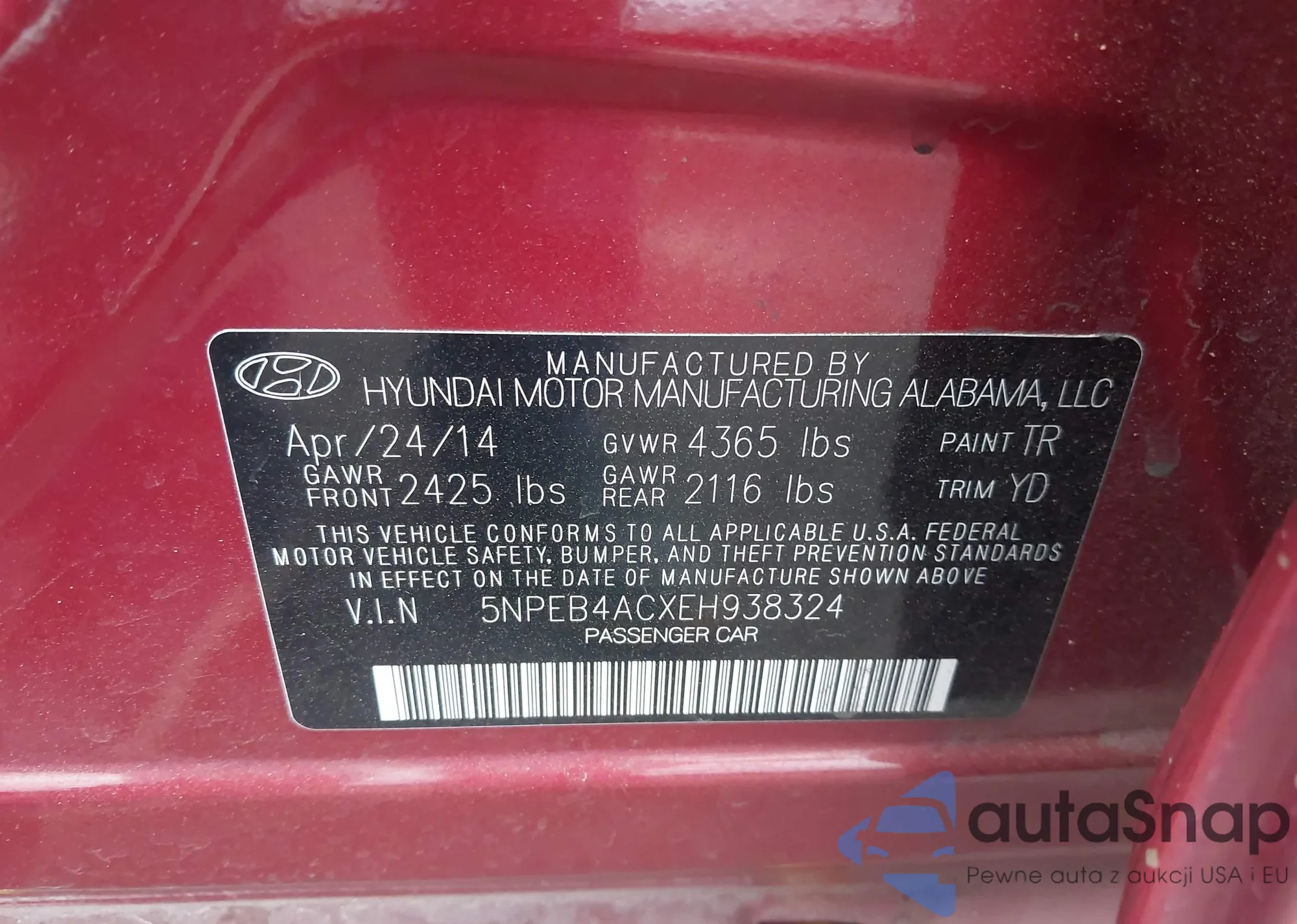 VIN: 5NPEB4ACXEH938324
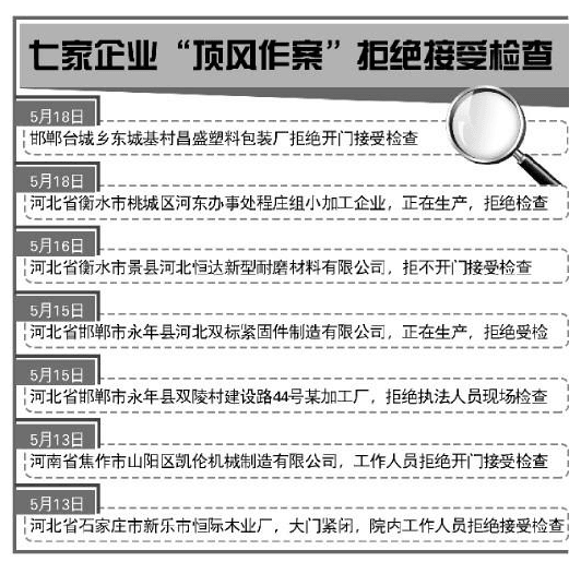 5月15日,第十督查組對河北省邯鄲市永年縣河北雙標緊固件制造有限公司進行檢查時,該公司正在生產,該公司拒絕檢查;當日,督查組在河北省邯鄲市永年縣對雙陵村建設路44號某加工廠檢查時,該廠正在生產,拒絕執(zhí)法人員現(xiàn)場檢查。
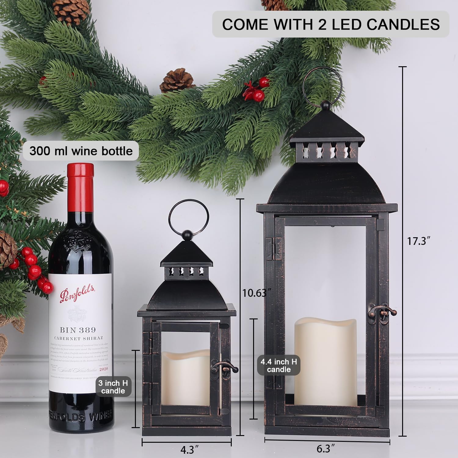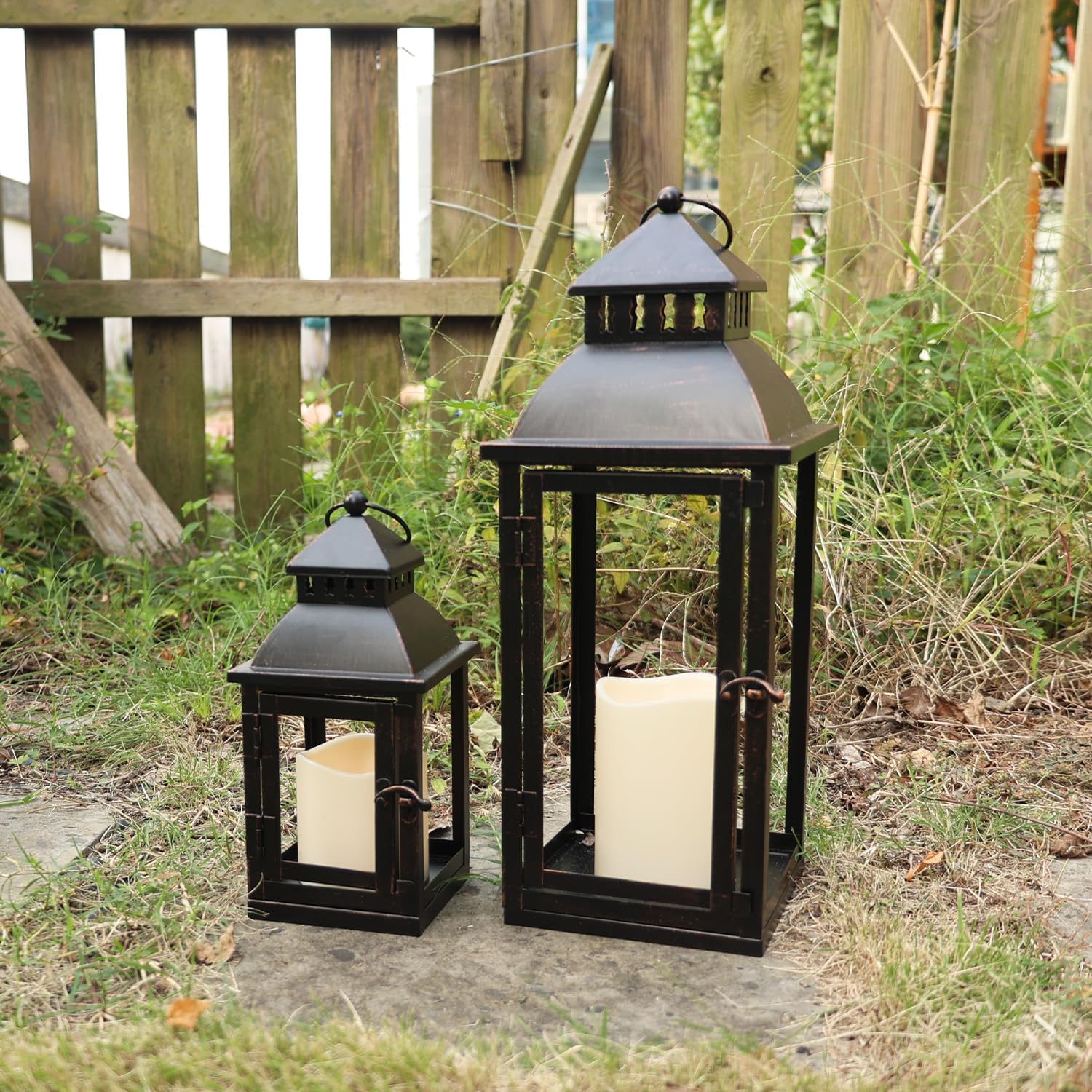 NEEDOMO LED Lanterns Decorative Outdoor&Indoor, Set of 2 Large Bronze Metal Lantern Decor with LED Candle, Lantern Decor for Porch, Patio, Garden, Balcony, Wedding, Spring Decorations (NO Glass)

- _What you need to do_:
All lines from the one holding "5月15日,第十督查組對河北" through the last line of the material above should be set down exactly, and the pictures should be left out.

- _Written solution_:
 5月15日,第十督查組對河北省邯鄲市永年縣河北雙標緊固件制造有限公司進行檢查時,該公司正在生產,該公司拒絕檢查;當日,督查組在河北省邯鄲市永年縣對雙陵村建設路44號某加工廠檢查時,該廠正在生產,拒絕執(zhí)法人員現(xiàn)場檢查。
 NEEDOMO LED Lanterns Decorative Outdoor&Indoor, Set of 2 Large Bronze Metal Lantern Decor with LED Candle, Lantern Decor for Porch, Patio, Garden, Balcony, Wedding, Spring Decorations (NO Glass)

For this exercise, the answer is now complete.